THE PROBLEM.
I need every line from the start of the material below up to and including the line containing "UcSTAR統(tǒng)一", restated exactly, with the pictures omitted.

DATA EXTRACTS.
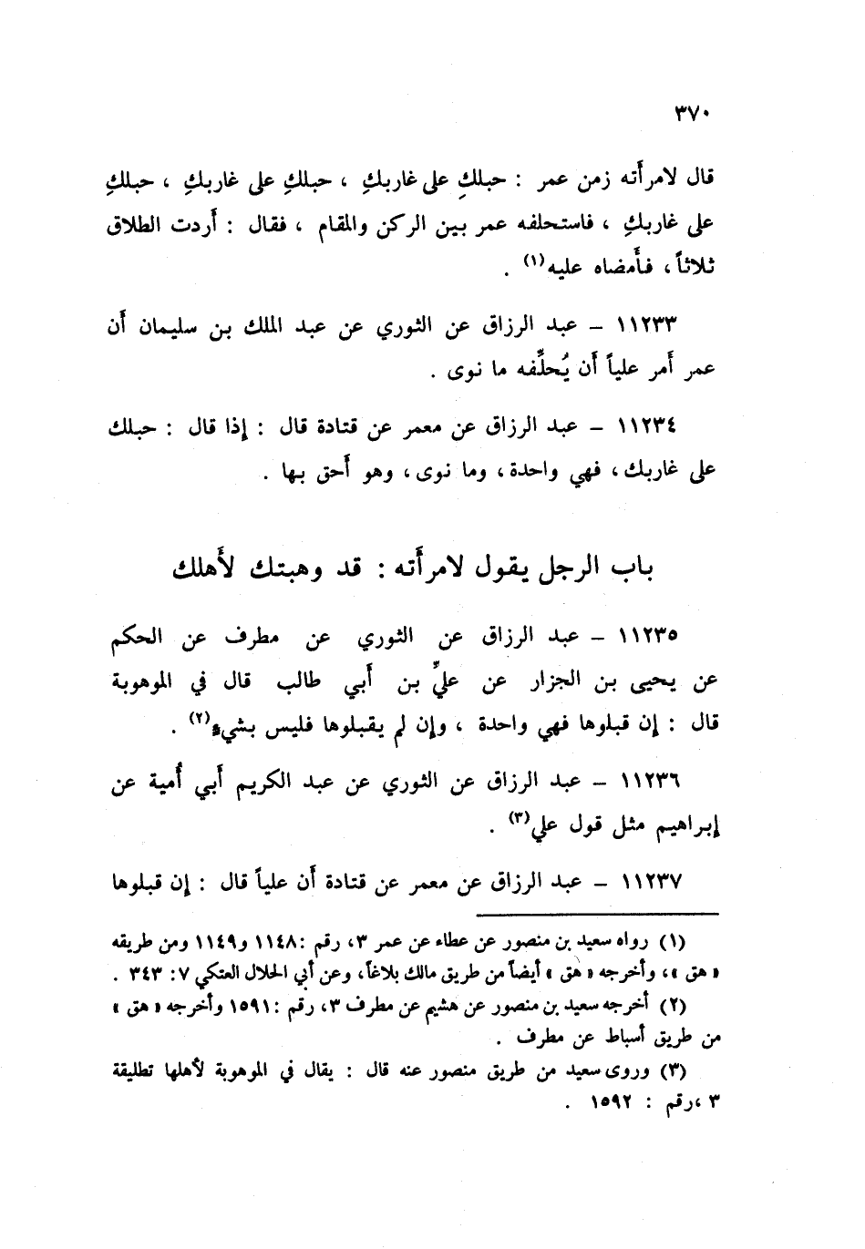 ١١٢٣٥ - عَنِ الثَّوْرِيِّ، عَنْ مُطَرِّفٍ، عَنِ الْحَكَمِ، عَنْ يَحْيَى بْنِ الْجَزَّارِ، عَنْ عَلِيِّ بْنِ أَبِي طَالِبٍ، قَالَ فِي الْمَوْهُوبَةِ قَالَ: «إِنْ قَبِلُوهَا فَهِيَ وَاحِدَةٌ، وَإِنْ لَمْ يَقْبَلُوهَا فَلَيْسَ بِشَيْءٍ». عَبْدُ الرَّزَّاقِ،
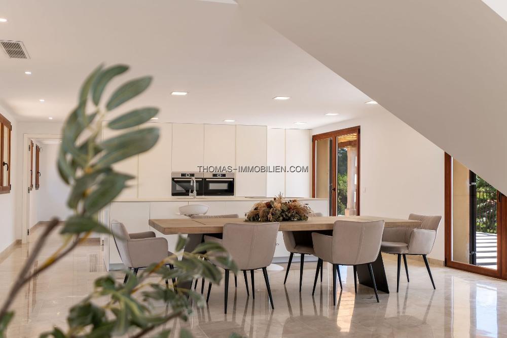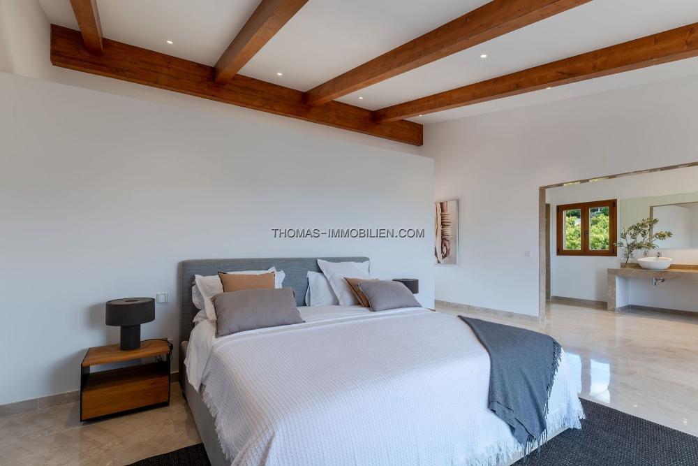 Die Villa verfügt über vier geräumige Schlafzimmer, jedes mit eigenem Bad, was Privatsphäre und Komfort für alle Bewohner gewährleistet. Der Grundriss ist so gestaltet, dass er einen nahtlosen Übergang zwischen Innen- und Außenbereichen bietet, mit großen Fenstern, die den atemberaubenden Blick auf die Berge und das Meer einrahmen. Die Wohnbereiche sind hell und luftig und bieten eine einladende Atmosphäre für Entspannung und Unterhaltung.
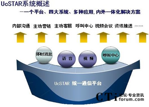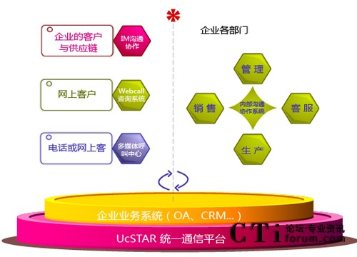 UcSTAR統(tǒng)一通信平臺(tái)是為企業(yè)提供從內(nèi)部溝通、協(xié)作與外部服務(wù)于一體的高效通信通道,并與企業(yè)的業(yè)務(wù)系統(tǒng)融合,實(shí)現(xiàn)統(tǒng)一通訊、統(tǒng)一登錄、統(tǒng)一消息、統(tǒng)一門(mén)戶的統(tǒng)一工作平臺(tái)。
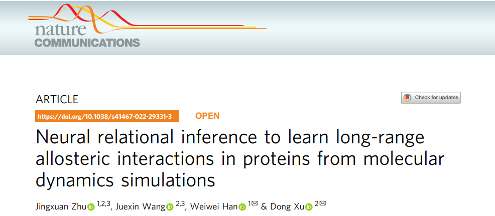 韩葳葳教授、美国密苏里大学电气工程和计算机科学系许东教授科研团队提出一种高效、可操作性强的分子动力学模拟分析方法(NRI-MD),该方法首次将深度学习的图神经网络(GNN)运用于分子动力学模拟分析,基于模拟轨迹的原子速度和位置数据,通过神经关系推理模型(NRI)直接推断出酶分子动力学模拟中残基的相互作用模式,推断出酶的别构调控路径以及氨基酸突变后相对自由能的变化。NRI-MD模型的提出为蛋白质(酶)结构-功能研究领域提供了一种新构架,有望开辟酶分子设计的新模式。研究成果于2022年03月29日在学术期刊《Nature Communications》正式发表(Neural relational inference to learn long-range allosteric interactions in proteins from molecular dynamics simulations)。论文第一完成单位为博彩App
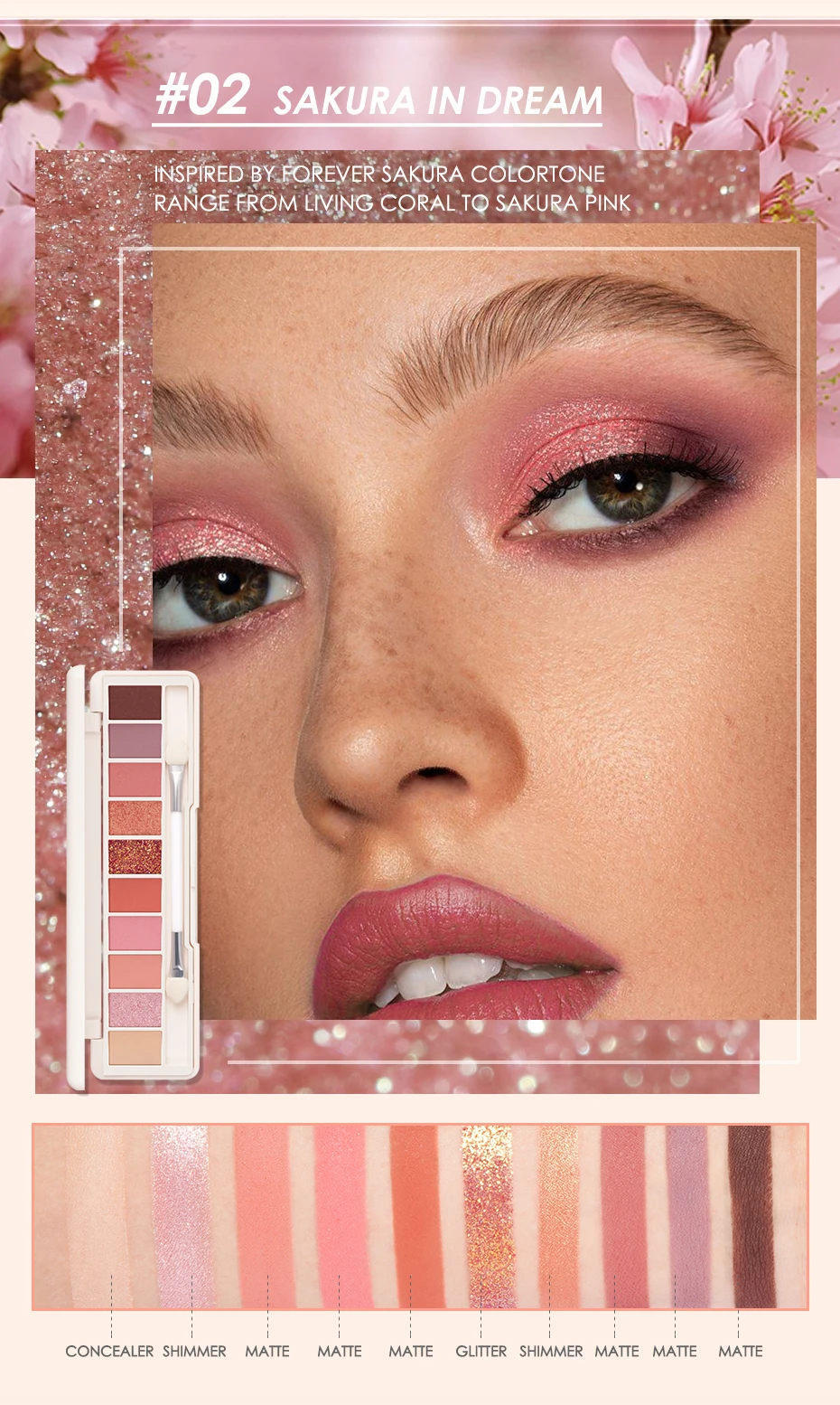 Каждая палитра имеет праймер для век + матовый + мерцающий + блестящий, легко создать любой вид глаз.
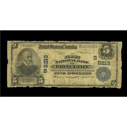 <B>Princeton, WV</B></I> - $5 1902 Plain Back Fr. 599 <B>The First NB</B></I> Ch. # (S)8219<BR>You can chalk this $5 with serial number 10199 up for the census that previously stood at 10 large. <B>Good-Very Good.</B></I>
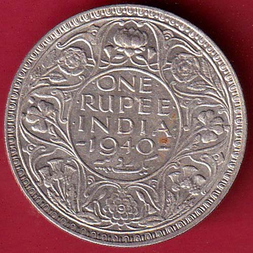 BRITISH INDIA 1940 GEORGE VI BOMBAY MINT ONE RUPEE SILVER COIN:- FC7015
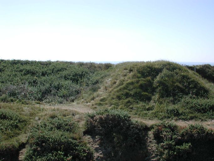 Vue du réduit de batterie de côte de l'île de l'Aber : la batterie extérieure envahie par la végétationImmatriculation
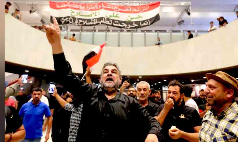 text_fieldsഇറാഖ് പാർലമെന്റിനുള്ളിൽ മുദ്രാവാക്യം മുഴക്കുന്ന പ്രക്ഷോഭകർ

RESPONSE BOX.
 ١١٢٣٥ - عَنِ الثَّوْرِيِّ، عَنْ مُطَرِّفٍ، عَنِ الْحَكَمِ، عَنْ يَحْيَى بْنِ الْجَزَّارِ، عَنْ عَلِيِّ بْنِ أَبِي طَالِبٍ، قَالَ فِي الْمَوْهُوبَةِ قَالَ: «إِنْ قَبِلُوهَا فَهِيَ وَاحِدَةٌ، وَإِنْ لَمْ يَقْبَلُوهَا فَلَيْسَ بِشَيْءٍ». عَبْدُ الرَّزَّاقِ،
 Die Villa verfügt über vier geräumige Schlafzimmer, jedes mit eigenem Bad, was Privatsphäre und Komfort für alle Bewohner gewährleistet. Der Grundriss ist so gestaltet, dass er einen nahtlosen Übergang zwischen Innen- und Außenbereichen bietet, mit großen Fenstern, die den atemberaubenden Blick auf die Berge und das Meer einrahmen. Die Wohnbereiche sind hell und luftig und bieten eine einladende Atmosphäre für Entspannung und Unterhaltung.
 UcSTAR統(tǒng)一通信平臺(tái)是為企業(yè)提供從內(nèi)部溝通、協(xié)作與外部服務(wù)于一體的高效通信通道,并與企業(yè)的業(yè)務(wù)系統(tǒng)融合,實(shí)現(xiàn)統(tǒng)一通訊、統(tǒng)一登錄、統(tǒng)一消息、統(tǒng)一門(mén)戶的統(tǒng)一工作平臺(tái)。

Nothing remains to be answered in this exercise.